There are risks associated with getting diagnosed - when I've mentioned the assessment to some people they slow down their speech and start using simpler language. Sometimes that's welcome but at other times it feels like I'm being talked to like a child. Another potential downside is the amount of emotional energy it takes to pull up things from the past and look at them again. The period immediately after diagnosis seems to be quite tricky to manage too, especially if help and support are not forthcoming. Adjustment can sometimes take a really long time. 

I am sure you will come to a decision that is right for you. 

Good luck whatever you decide!

Recognition is a good way to see it. Having pretty much self diagnosed i csn be more open with my partner about any difficulties i face. He is great with this. I feel i can see why i struggle with things now

If you dont mind me asking how did yo approach it with your boss?
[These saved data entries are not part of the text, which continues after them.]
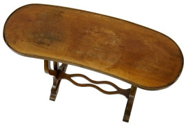 Tavolinetto con piano tipo fagiolo in legno impiallacciato, XX secolo, sostegni intagliati e sagomati riuniti da traversa, cm h 56,5x73x24, (difetti).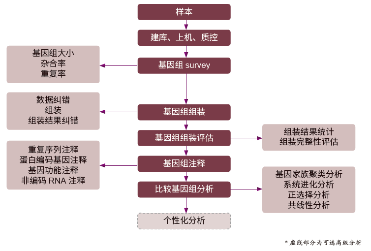 基因组De novo 测序,即在没有参考基因组或不用参考基因组辅助的情况下,利用测序技术和生物信息分析对某物种进行基因组序列图谱拼接,并进行基因组结构注释、功能注释、比较基因组学等一系列信息分析。不仅可以获得物种的参考序列、挖掘功能基因、研究物种起源与进化历史,还为该物种下游一系列研究的开展奠定基础,从而推进该物种的研究。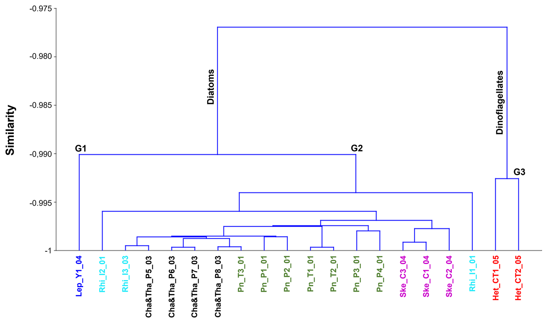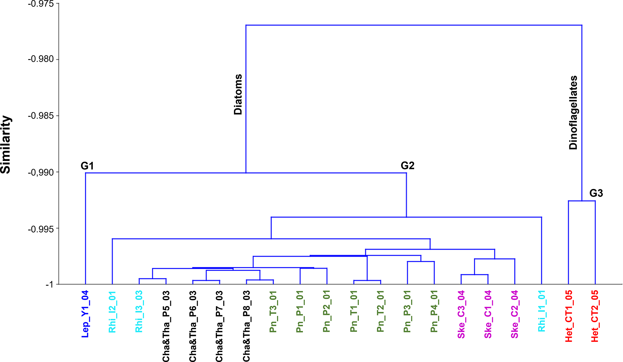 Finally, the cluster analysis grouped together spectra that corresponded to stations under the same dominant groups and genera more closely (Fig. 9). Although similarity values were high, two main distinctions were identified: the first relates to locations being grouped together due to the dominance of diatoms, while the second relates to locations grouped together due to the dominance of the dinoflagellate Heterocapsa triquetra (Canal Tenglo) (Fig. 9).

Or was there an event happened which allowed you to open up about it? I need to open up to my parents about it but just dont know where to start. 

I sought a (recent) diagnosis for validation and understanding, and am glad I did. I still struggle, but knowing WHY I struggle helps. In some areas I struggle more at present as it has brought a lot out into the open in my head that I guess I always suppressed before. However I am hoping that with understanding some of these struggles will diminish in time.

You do not have to legally disclose to an employer. I did (actually my boss had been very supportive in getting me to talk well before I decided to get diagnosed) and has been great since.

I don't see it as a label, but I do see it as a recognition. Talking to others in a similar situation on here has also helped me a great deal.